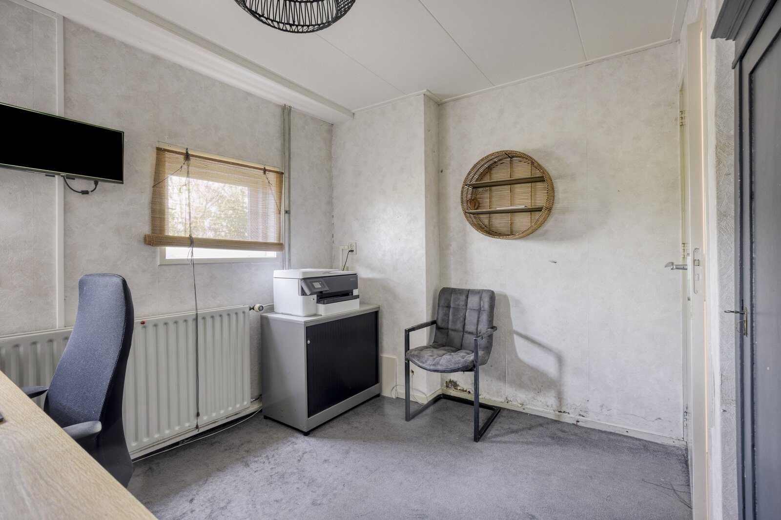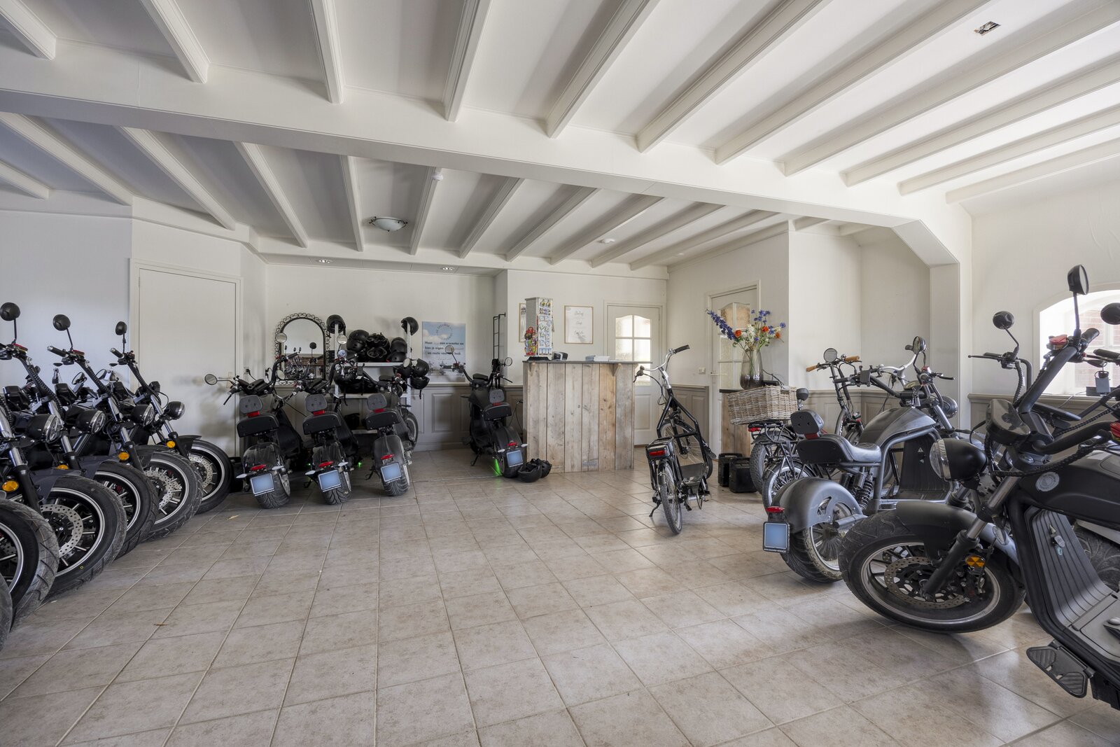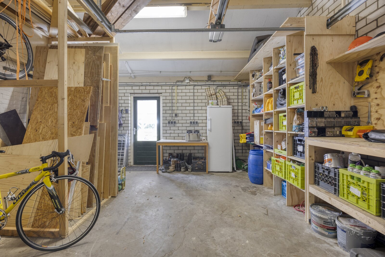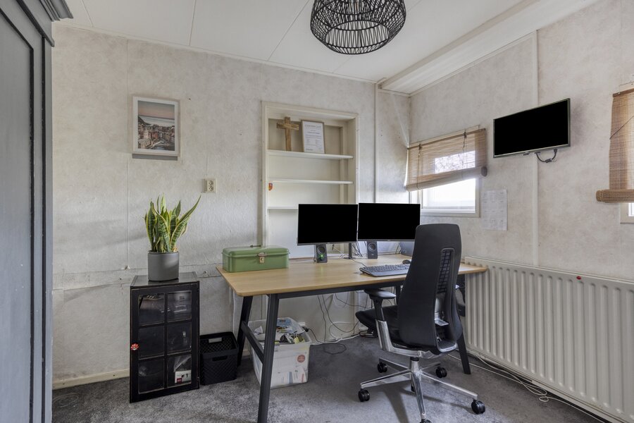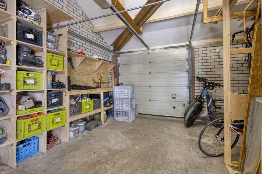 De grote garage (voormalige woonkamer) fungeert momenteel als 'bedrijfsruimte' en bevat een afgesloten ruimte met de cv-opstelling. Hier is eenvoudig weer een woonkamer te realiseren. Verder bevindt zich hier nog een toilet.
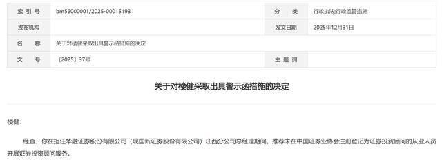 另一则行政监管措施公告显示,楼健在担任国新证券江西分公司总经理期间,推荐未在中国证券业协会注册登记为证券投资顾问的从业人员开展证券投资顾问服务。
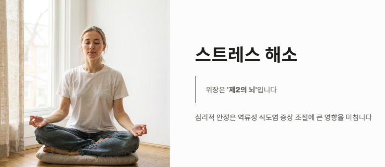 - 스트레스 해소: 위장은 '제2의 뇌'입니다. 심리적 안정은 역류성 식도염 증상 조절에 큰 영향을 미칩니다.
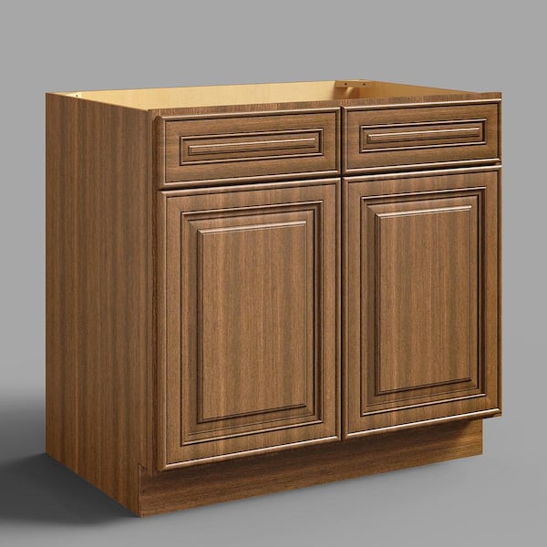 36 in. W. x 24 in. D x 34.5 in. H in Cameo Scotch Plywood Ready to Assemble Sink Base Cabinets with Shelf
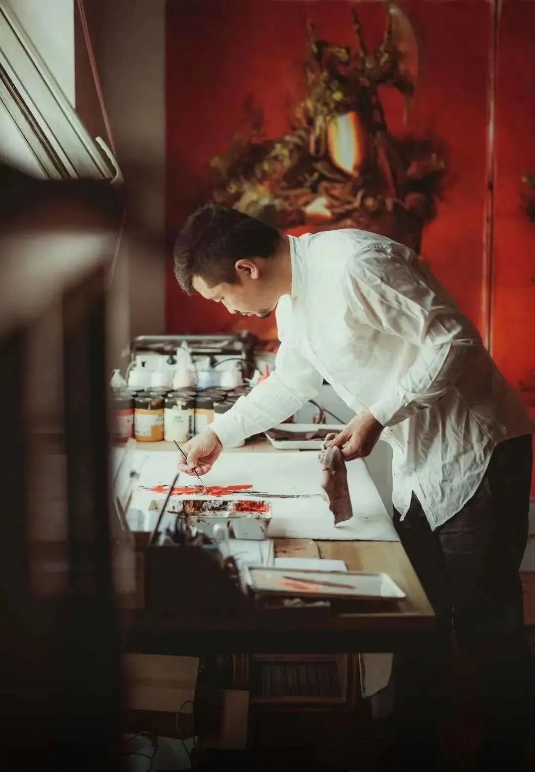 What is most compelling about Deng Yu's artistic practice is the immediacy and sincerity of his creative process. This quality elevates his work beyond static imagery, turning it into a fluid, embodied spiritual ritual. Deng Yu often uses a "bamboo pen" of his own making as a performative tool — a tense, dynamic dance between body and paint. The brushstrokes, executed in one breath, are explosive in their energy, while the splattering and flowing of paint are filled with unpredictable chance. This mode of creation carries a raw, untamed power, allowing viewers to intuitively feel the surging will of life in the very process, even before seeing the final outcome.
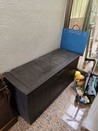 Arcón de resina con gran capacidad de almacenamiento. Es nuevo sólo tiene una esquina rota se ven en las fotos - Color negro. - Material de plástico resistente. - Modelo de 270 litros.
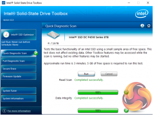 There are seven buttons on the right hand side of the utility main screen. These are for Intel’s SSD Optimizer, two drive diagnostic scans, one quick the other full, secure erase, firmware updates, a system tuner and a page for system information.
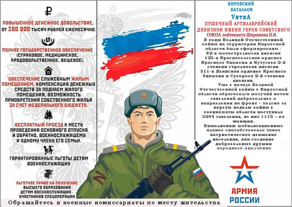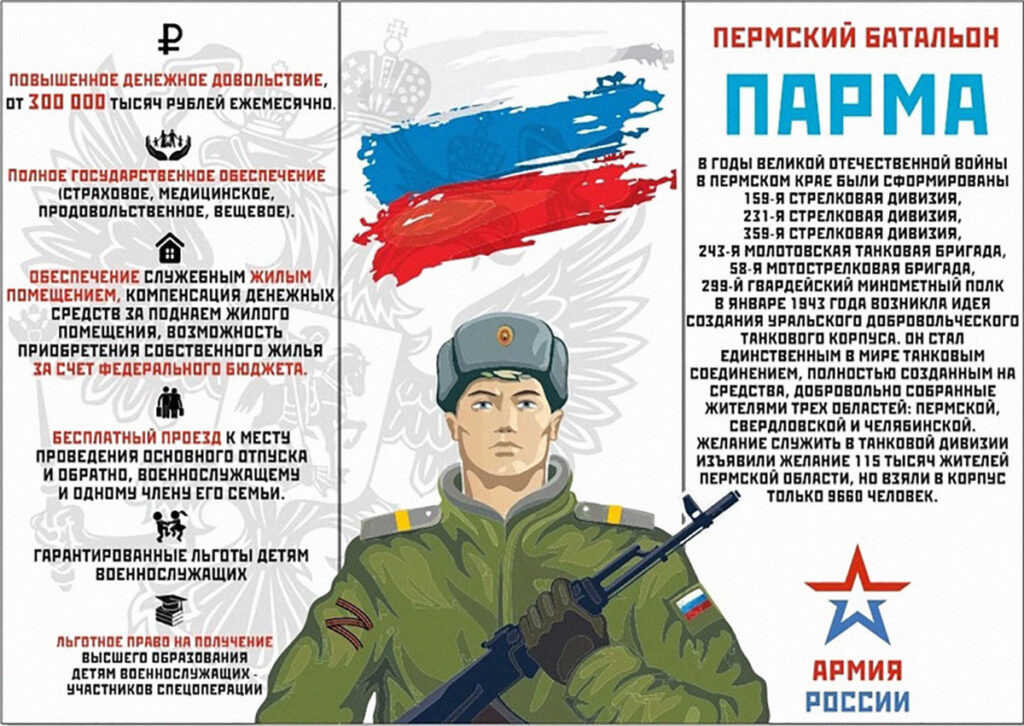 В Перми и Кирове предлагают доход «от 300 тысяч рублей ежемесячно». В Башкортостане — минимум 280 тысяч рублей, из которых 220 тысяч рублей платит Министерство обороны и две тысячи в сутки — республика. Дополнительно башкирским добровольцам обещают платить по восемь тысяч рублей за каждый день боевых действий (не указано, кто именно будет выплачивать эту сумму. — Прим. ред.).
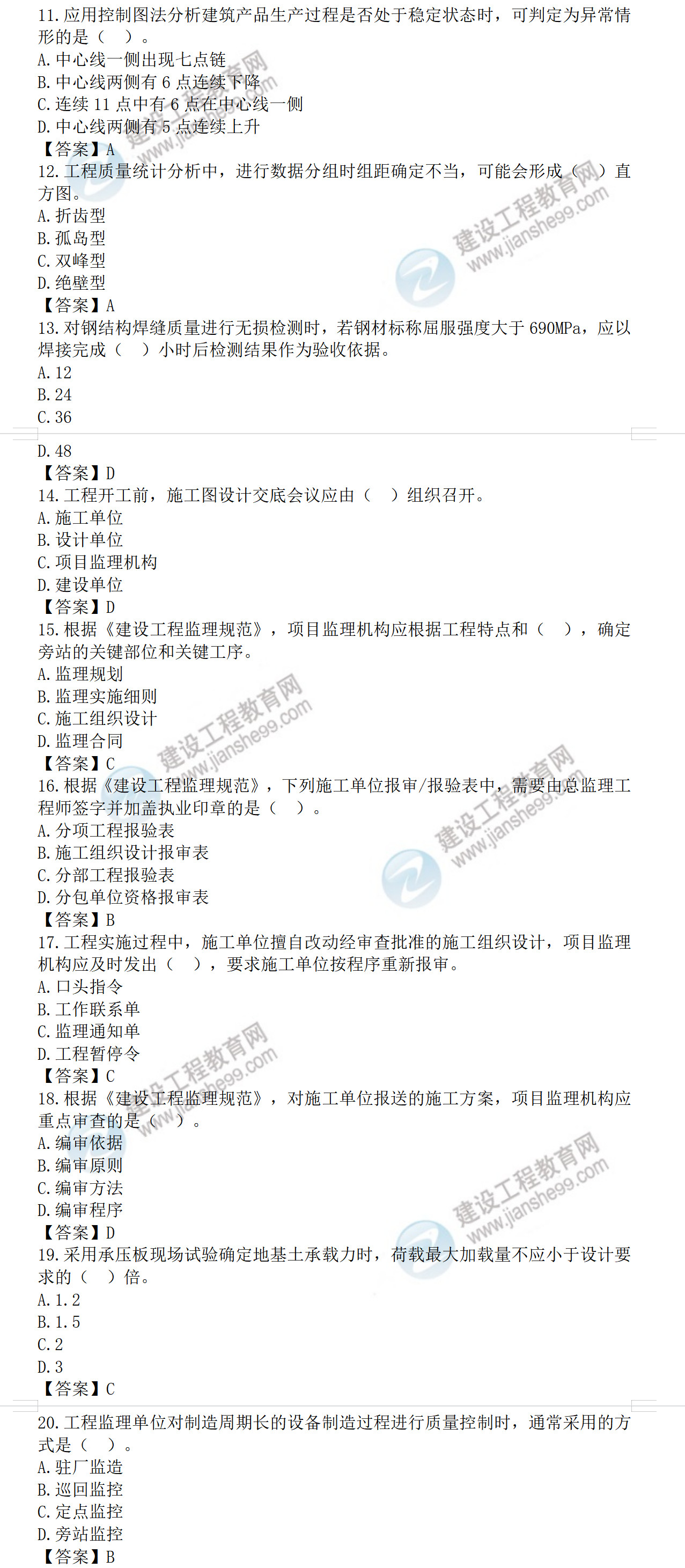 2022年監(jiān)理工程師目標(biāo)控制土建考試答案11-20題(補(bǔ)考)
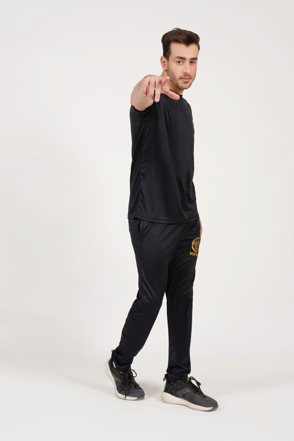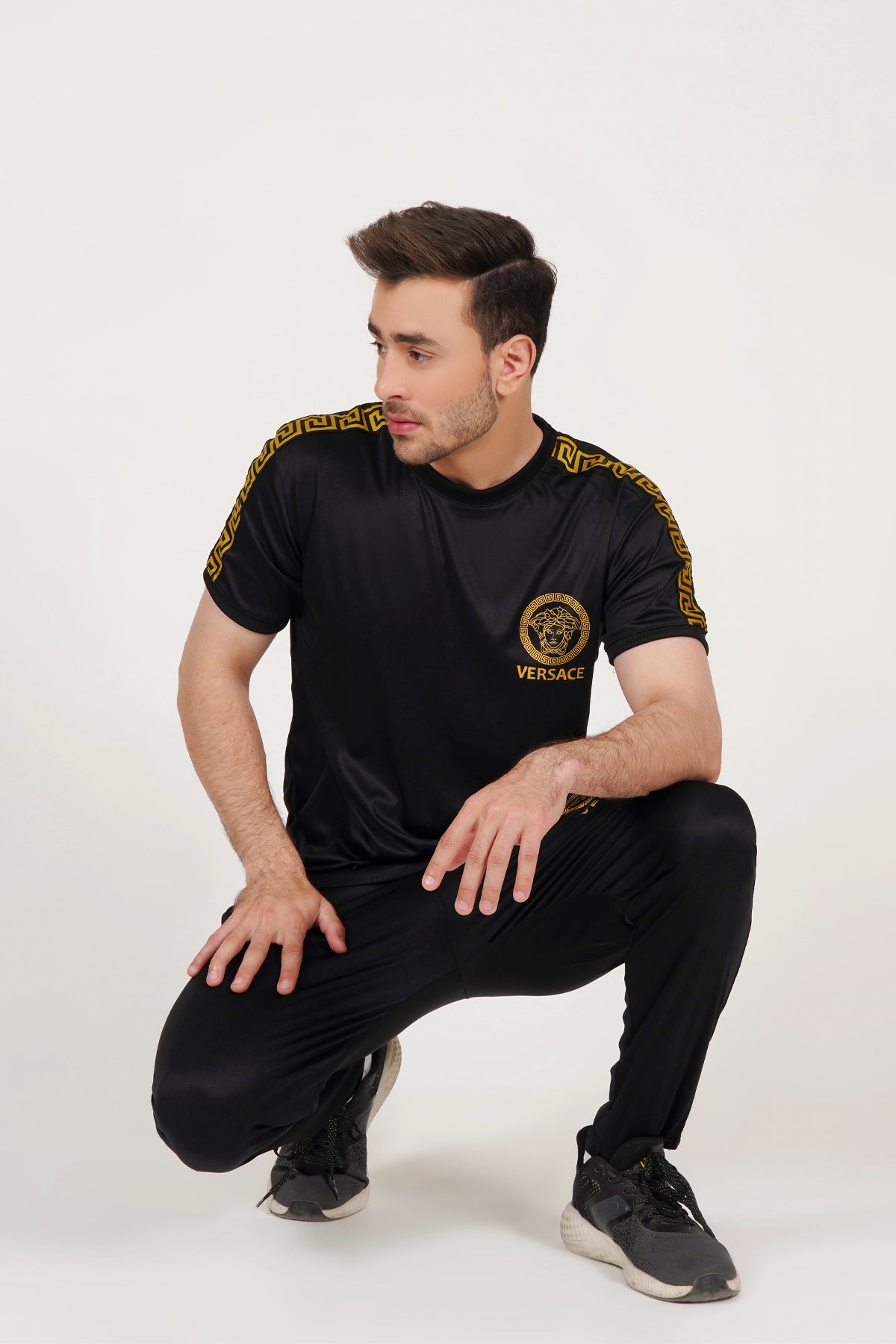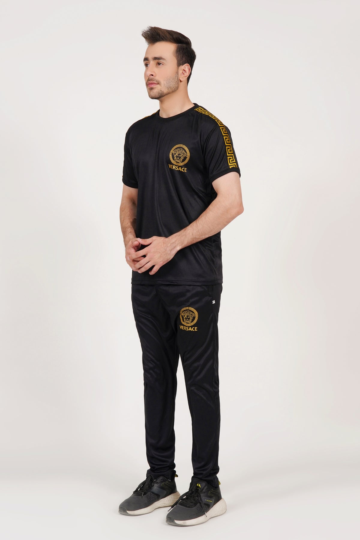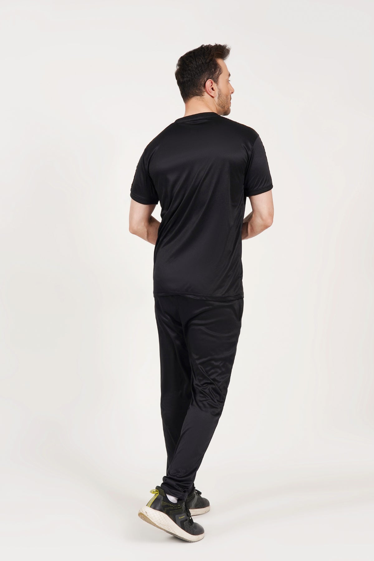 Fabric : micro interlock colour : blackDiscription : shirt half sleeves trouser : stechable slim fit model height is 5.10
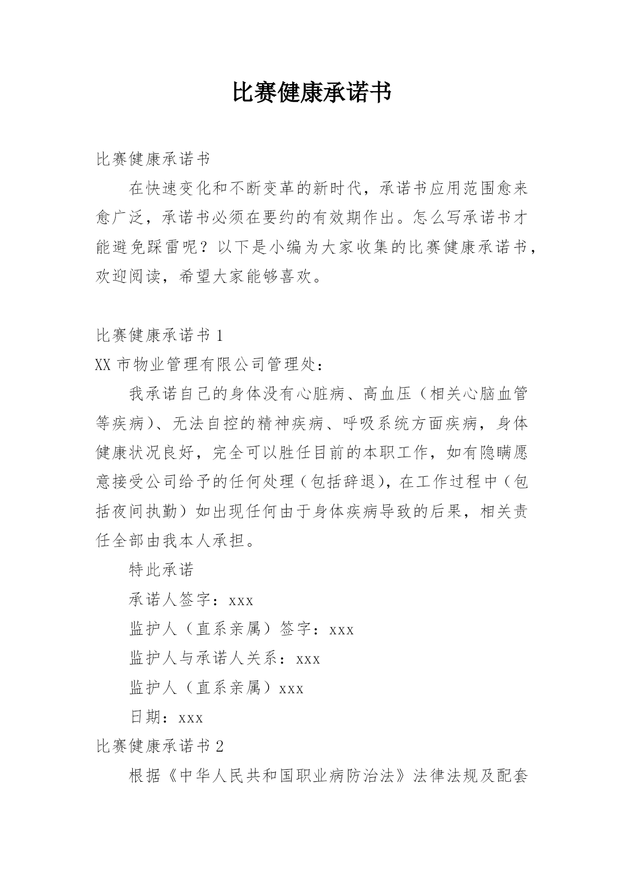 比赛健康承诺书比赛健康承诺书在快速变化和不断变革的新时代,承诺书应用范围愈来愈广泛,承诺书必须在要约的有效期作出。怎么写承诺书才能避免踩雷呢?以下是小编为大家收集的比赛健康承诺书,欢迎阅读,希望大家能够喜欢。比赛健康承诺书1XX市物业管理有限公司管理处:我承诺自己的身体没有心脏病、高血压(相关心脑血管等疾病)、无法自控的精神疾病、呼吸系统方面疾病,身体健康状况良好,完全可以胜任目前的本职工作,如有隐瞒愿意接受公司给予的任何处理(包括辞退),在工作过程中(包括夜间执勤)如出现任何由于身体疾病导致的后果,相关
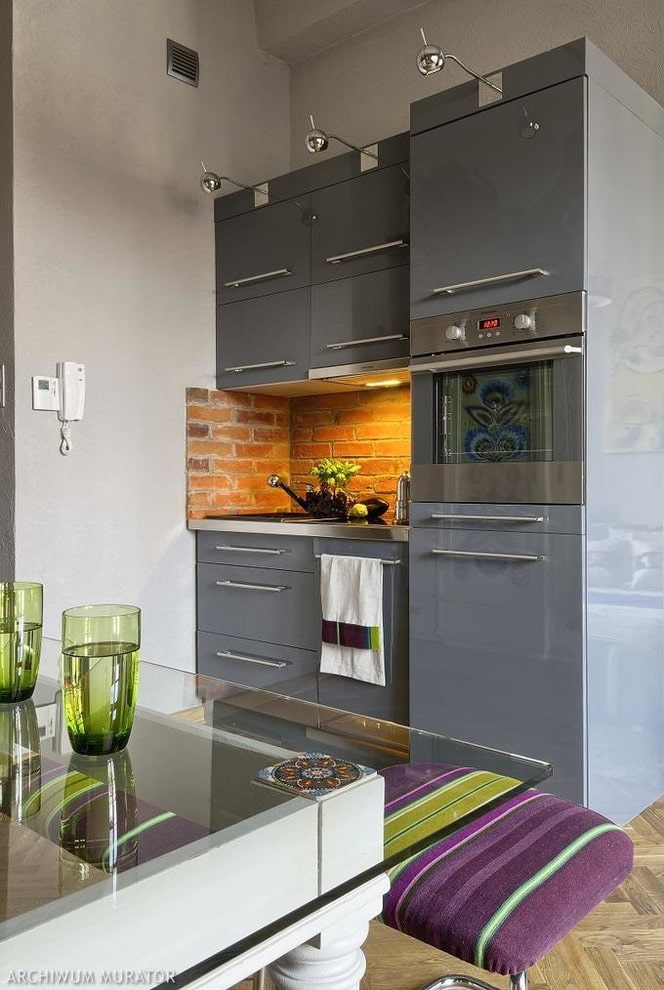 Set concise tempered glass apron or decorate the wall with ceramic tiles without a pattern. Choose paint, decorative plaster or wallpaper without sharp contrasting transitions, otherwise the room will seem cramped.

——

#### PROBLEM TO SOLVE
Please write out, word for word, each line from the one with "2022年監(jiān)理工" to the last line of the data, keeping both ends and omitting pictures.

#### SOLUTION BELOW
 2022年監(jiān)理工程師目標(biāo)控制土建考試答案11-20題(補(bǔ)考)
 Fabric : micro interlock colour : blackDiscription : shirt half sleeves trouser : stechable slim fit model height is 5.10
 比赛健康承诺书比赛健康承诺书在快速变化和不断变革的新时代,承诺书应用范围愈来愈广泛,承诺书必须在要约的有效期作出。怎么写承诺书才能避免踩雷呢?以下是小编为大家收集的比赛健康承诺书,欢迎阅读,希望大家能够喜欢。比赛健康承诺书1XX市物业管理有限公司管理处:我承诺自己的身体没有心脏病、高血压(相关心脑血管等疾病)、无法自控的精神疾病、呼吸系统方面疾病,身体健康状况良好,完全可以胜任目前的本职工作,如有隐瞒愿意接受公司给予的任何处理(包括辞退),在工作过程中(包括夜间执勤)如出现任何由于身体疾病导致的后果,相关
 Set concise tempered glass apron or decorate the wall with ceramic tiles without a pattern. Choose paint, decorative plaster or wallpaper without sharp contrasting transitions, otherwise the room will seem cramped.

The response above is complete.